▶ _DATA PROVIDED_:

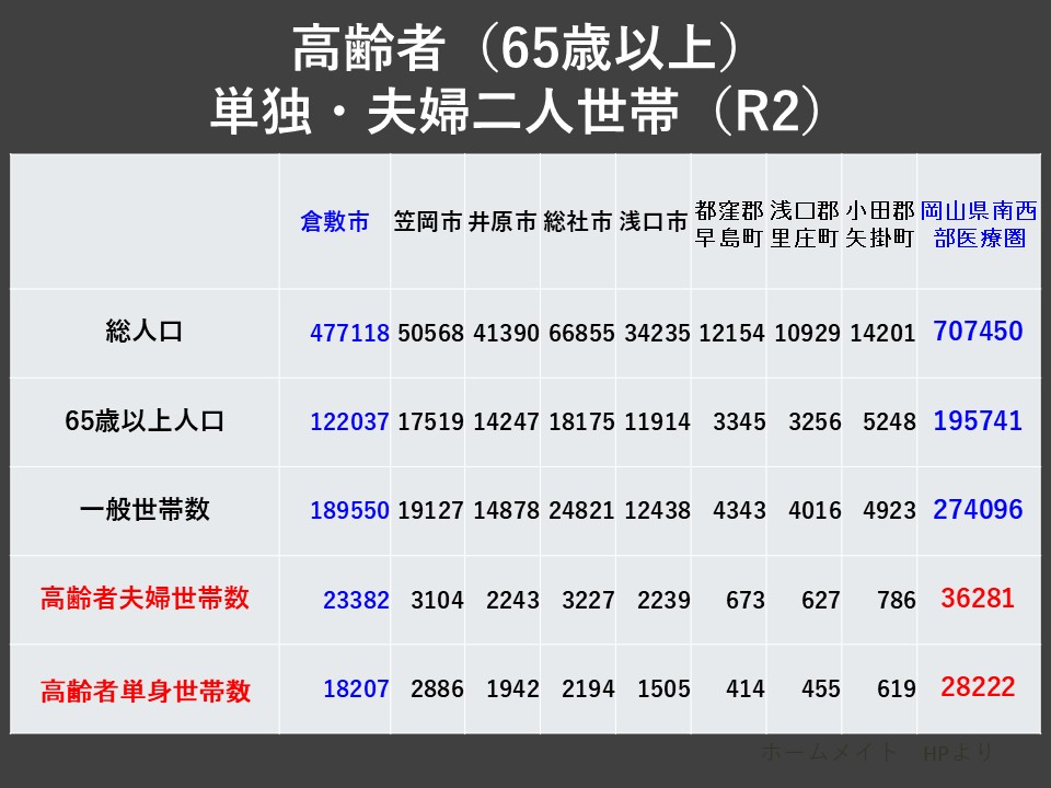 私のしらべたデータですが、65歳以上の独居か、2人暮らしの世帯は、介護施設を除くと・・・
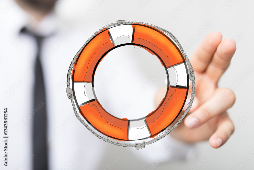 Hand reaching for a life preserver. Concept of support, rescue, safety, and business solutions.
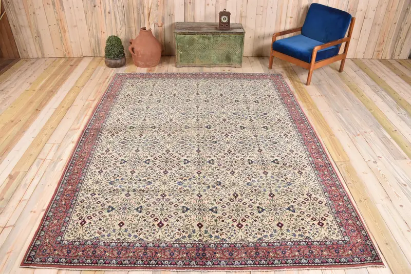 Eleganter beige-blauer Blumenteppich, 7,3x9,5 Fuß
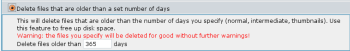 Detta kommer att radera filer som är äldre än det antal dagar som du specificerar (miniatyr- medelstora- och fullstora bilder). Använd den här funktionen för att friställa diskutrymme. Varning: de filer du specificerar kommer att raderas permanent utan några fler varningar!
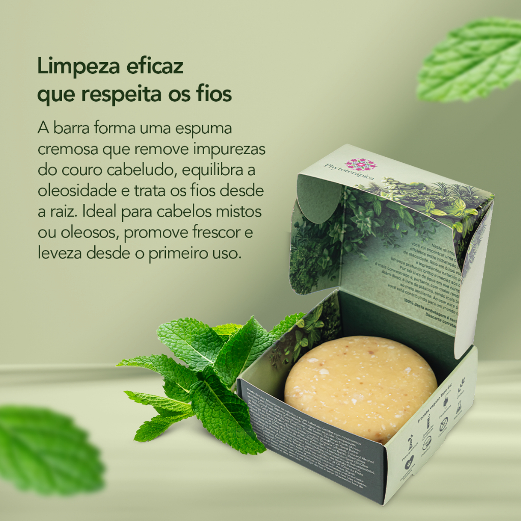 Phytoterápica Shampoo em Barra Vegano Alecrim, Hortelã e Litsea 70g – Limpeza e Frescor Natural

▶ _WHAT TO DO_: Every line above is to be duplicated exactly; no picture should be carried over.

▶ _TASK OUTPUT_:
 私のしらべたデータですが、65歳以上の独居か、2人暮らしの世帯は、介護施設を除くと・・・
 Hand reaching for a life preserver. Concept of support, rescue, safety, and business solutions.
 Eleganter beige-blauer Blumenteppich, 7,3x9,5 Fuß
 Detta kommer att radera filer som är äldre än det antal dagar som du specificerar (miniatyr- medelstora- och fullstora bilder). Använd den här funktionen för att friställa diskutrymme. Varning: de filer du specificerar kommer att raderas permanent utan några fler varningar!
 Phytoterápica Shampoo em Barra Vegano Alecrim, Hortelã e Litsea 70g – Limpeza e Frescor Natural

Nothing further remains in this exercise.